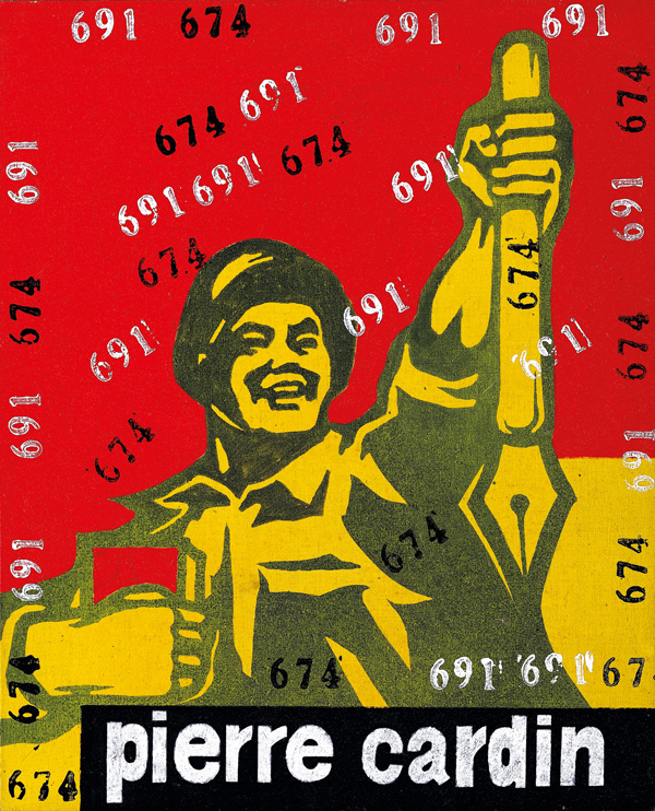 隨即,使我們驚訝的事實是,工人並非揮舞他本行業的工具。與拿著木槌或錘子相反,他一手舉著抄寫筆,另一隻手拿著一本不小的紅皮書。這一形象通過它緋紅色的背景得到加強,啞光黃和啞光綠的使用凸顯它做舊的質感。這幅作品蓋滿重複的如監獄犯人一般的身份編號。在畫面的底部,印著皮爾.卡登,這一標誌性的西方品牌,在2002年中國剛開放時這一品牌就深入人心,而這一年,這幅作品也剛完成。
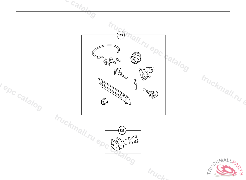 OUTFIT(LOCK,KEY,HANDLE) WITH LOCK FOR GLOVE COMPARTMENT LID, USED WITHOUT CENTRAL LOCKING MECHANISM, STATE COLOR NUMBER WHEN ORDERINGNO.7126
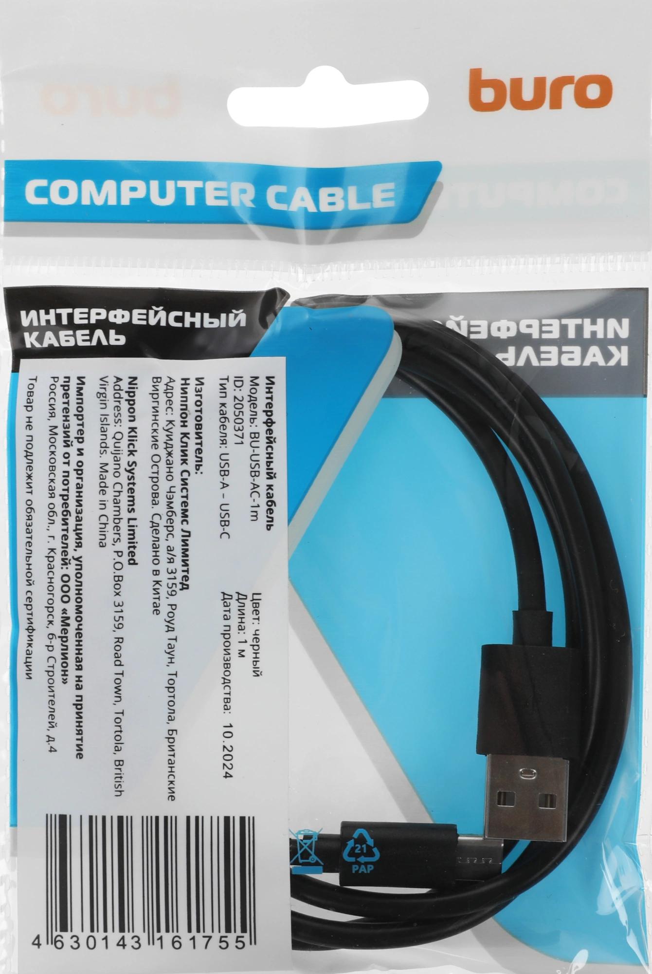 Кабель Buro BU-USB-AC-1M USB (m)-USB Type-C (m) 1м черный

> _INSTRUCTIONS FOR THE TASK_
From the line containing "OUTFIT(LOCK,KEY,HANDLE) WITH LOCK" down to the end of the listing above, every line is to be returned exactly, though the pictures are not.

> _RESPONSE TO THE EXERCISE_
 OUTFIT(LOCK,KEY,HANDLE) WITH LOCK FOR GLOVE COMPARTMENT LID, USED WITHOUT CENTRAL LOCKING MECHANISM, STATE COLOR NUMBER WHEN ORDERINGNO.7126
 Кабель Buro BU-USB-AC-1M USB (m)-USB Type-C (m) 1м черный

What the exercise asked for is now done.